Этот же реализм избирают и Фауст, правда, воспринимая в качестве главного приоритета власть знания, и Великий Инквизитор, только выбрав для сделки знание власти: «Знание и власть — это два способа, какими достигается современная позиция по ту сторону добра и зла». Реалистическое мышление вынуждено пользоваться аморальной свободой, наука о действительности возможна лишь там, где нарушается метафизический дуализм и исчезает моральность, поэтому «Великий Инквизитор — это уже один из основателей позитивистской политологии», — утверждает Петер Слотердайк.


Борьба за новый мир теперь будет вестись уже не только мечом крови, но и духовным оружием множества лжехристов и лжепророков, которые и «прельстят многих» (Матф. XXIV, 5, 11). Антихрист обещает им: «Будет и правда в моем суде, но не правда воздоятельная, а правда распределительная. Я все различу и каждому дам то, что ему нужно». (Вл. Соловьев «Краткая повесть об антихристе»).


Лжесуверен у Соловьева (кстати сказать, и у повторившего этот сюжет, образы и даже судьбы его персонажей Льва Тихомирова в его «Последних днях») внимательно наблюдает за поведением темных масс и опасной для него оппозиции святых мучеников, реагирующих на те космические и политические трансформации, которые производит самозванец с помощью своих великих магов…

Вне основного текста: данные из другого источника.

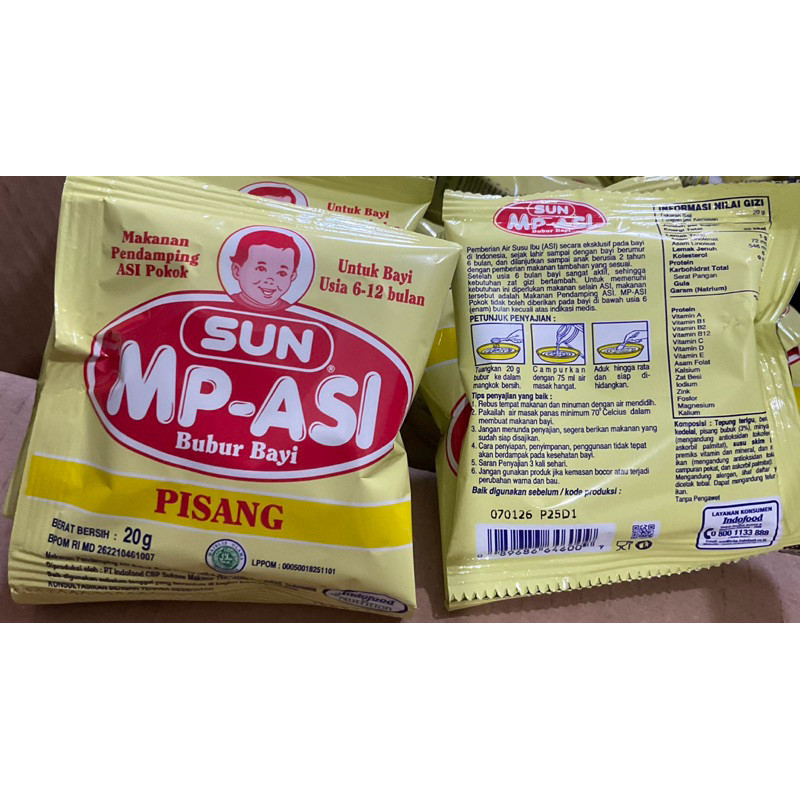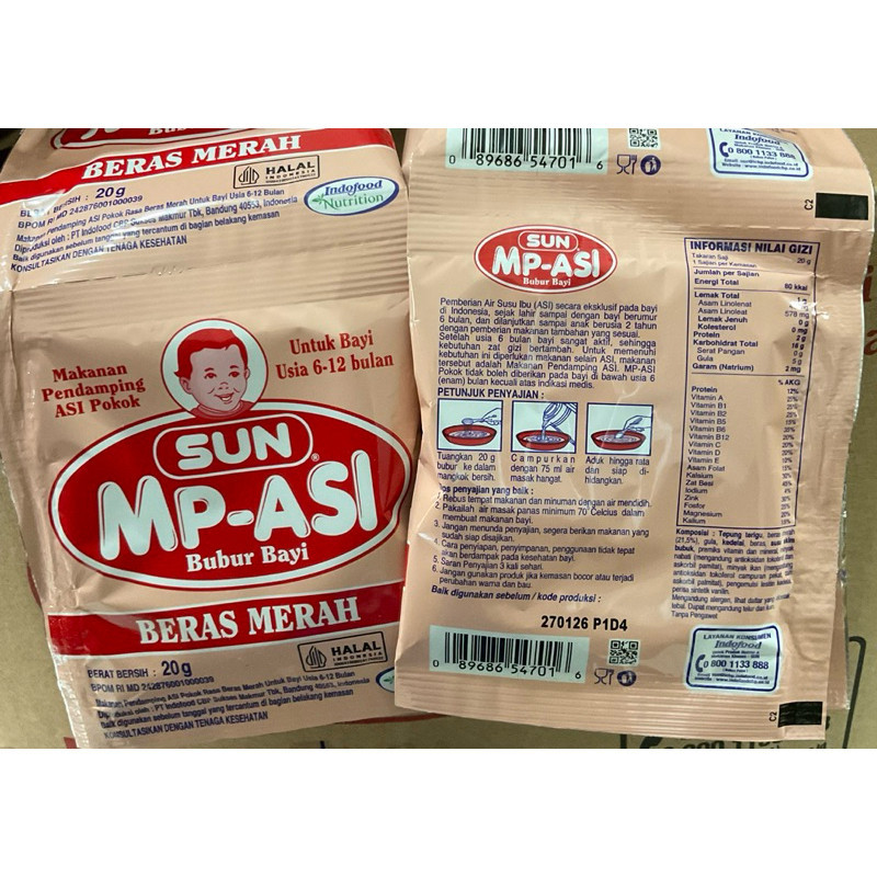 SUN Beras Merah 20g, SUN Kacang Hijau 20, SUN Pisang Susu 20g, SUN Ayam Kp Bayam20g, SUN Ubi Ungu 20g, SUN MPASI B.merah20g, SUN MPASI PISANG20g, SUN MPASI K.HIJAU20g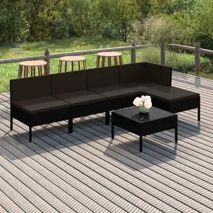 vidaXL Patio Furniture Set 6 Piece Sofa Couch with Cushions Poly Rattan Black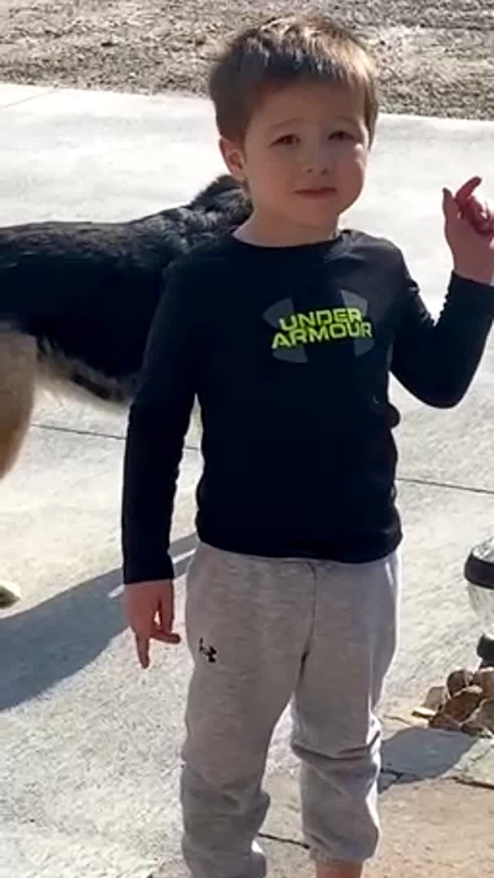 A woman films her broken glass front door while her tot son tells her he tried to hit a bee with a rock.

«Ибо восстанут лжехристы и лжепророки и дадут великие знания и чудеса, чтобы прельстить, если возможно и избранных». (Матф. 24:24; Мк 13:22). Но современная политическая философия, кажется, озабочено проблемой подмены суверена и суверенитета ложными фантазмами и симулякрами. Сила, которая осуществляет эту трансформацию, по традиции может обозначаться прежними символами или же совершенно новыми знаками: зло многообразно, но сущность его остается неизменной, а его опасность для мира все возрастающей. Никлас Луман метафорически описывает этот процесс: «Дьявол — существо, влекомое интересом наблюдать единое, в котором он сам принимает участие, а значит он вынужден проводить границу, через которую он (как и политик или государь) в состоянии осуществлять наблюдения». Но если единое есть добро («кто при дворе суверена может сомневаться в этом?»), то отграничивающий себя от него наблюдатель сам становится злом. Дьявол выступает представителем некоторого порядка, выстроенного на основе различений, и поэтому должен их непрерывно воспроизводить. В Средние века он оказывался космогоническим адвокатом всего того, что действовало чересчур уж хаотично, сам являясь наблюдателю в обличии то Великого Инквизитора, то падшего ангела, чтобы выполнять свою грязную работу ловли душ грешников. Его главная проблема — воображаемое и трансцендентальное единство истинного и доброго, которое «предрасполагает наблюдателя наблюдать того, кто желает наблюдать это единство, и потому должен от него отграничиваться, а значит приписывать себе противоположное качество носителя зла».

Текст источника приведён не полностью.